Un bel respiro. Via. Sto per recensire l’ultimo disco dei Weekend Nachos. L’ultimo in ordine d’uscita.
Non solo.
L’ultimo di sempre.
Già. Un anno fa, quando la Relapse aveva diffuso il comunicato stampa rispetto a questo nuovo lavoro, aveva sottolineato come per John Hoffman e soci questo sarebbe stato il canto del cigno.
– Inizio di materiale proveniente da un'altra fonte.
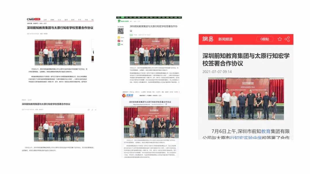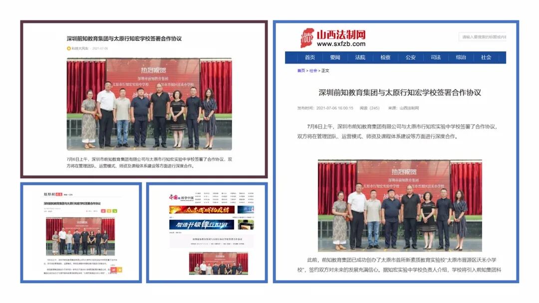 2021年7月6日上午,深圳市前知教育集团有限公司与太原市行知宏实验中学校签署了合作协议,双方将在管理团队、运营模式、师资及课程体系建设等方面进行深度合作。前知教育集团是创办于深圳的一家专注于国内K12新素质教育的集团公司,在此之前该集团已成功创办了太原市首所新素质教育实验校“太原市晋源区沃禾小学校”。太原市行知宏实验中学校是经太原市教育局批准的一所集小学、初中、高中为一体的全日制民办寄宿学校。签约双方对这次签约合作非常满意,并对行知宏实验中学校未来的发展充满信心,新上任的赵校长介绍说,学校将引入前知集团科学、先进的新素质教育理念以及经验丰富的高水平教研团队,让前知集团的新素质教育惠及更多的龙城子弟。

In un’epoca di dinosauri del metal che non hanno smesso di ruggire, insieme a pesanti protoceratopi che, fiutato il business, a malapena riescono a garrire, lanciandosi in assurde reunion, credo sia onorevole e meritevole di rispetto quando una band sappia riconoscere il momento adatto per uscire dalle scene, per dire basta. Per innumerevoli ragioni che posso solamente immaginare: le soddisfazioni musicali oramai raggiunte appieno e la conseguente mancanza di stimoli; l’idea che un progetto musicale, per quanto bello e coesivo, abbia detto tutto quel che aveva da dire e così via.
Anche perché, di fronte a una situazione simile, quando la band in questione sono proprio i Weekend Nachos, gruppo a livello underground-ma-non-troppo (stiamo parlando della primissima entità musicale che si rifà a sonorità powerviolence messa sotto contratto dalla Signora Relapse; n.d.R.), è facile fomentare a livelli siderali l’alone di culto che, attorno a loro, ha sempre aleggiato. Quindi, non solo l’ultimo disco, ma anche l’intera discografia dei Nostri, potrebbe trasformarsi in un instant-classic, consumato anche da ‘poserelli’ dell’hardcore tutti barbe, tatuaggi e tagli da gerarca nazista, pronti a foto in posa tattica per ‘instagrammarsi’ col vinile giusto; gente, peraltro, sovente presa per il culo nelle lyrics del combo dell’Illinois.
Tralasciando le questioni spinosamente deontologiche, il nuovo disco dei Weekend Nachos, fin dal titolo, Apology, si vuole difendere a denti stretti – forse perché la fiaba s’è conclusa troppo presto? – ma mena mazzate quando deve e, se l’ascoltatore conoscesse già la band in questione, suona esattamente come dovrebbe suonare un disco dei Weekend Nachos.
Le canzoni meglio riuscite sono senza dubbio quelle più brevi e ammiccanti a certo fastcore di casa Infest – penso a “Dust”, scheggia impazzita su cui trovano spazio anche gli screams di Dylan Walker dei Full of Hell, o a “Fake Political Song”, canzone che, dal titolo e dal suo minuto scarso, si dimostra quintessenza del powerviolence –; fra i pezzi più articolati, invece, emerge l’accoppiata letale “Judged” + “Dog Shit Slave” – la prima, puro fastcore, piena zeppa di stop’n’go’s da infarto, voce aggressiva ed efficace a livello di metrica e qualche breakdown à la Napalm Death per gradire; la seconda, con un andazzo simile a quella che la precede, ma solamente più groovy, a livello di riffing –, insieme a “World Genocide”, il cui incedere doomish e cadenzato e, soprattutto, l’amore per i breakdown figli del HCxNY, fanno ripensare, nel suo intento, a certi Water Torture, ma anche a “Fillicide” degli ACxDC.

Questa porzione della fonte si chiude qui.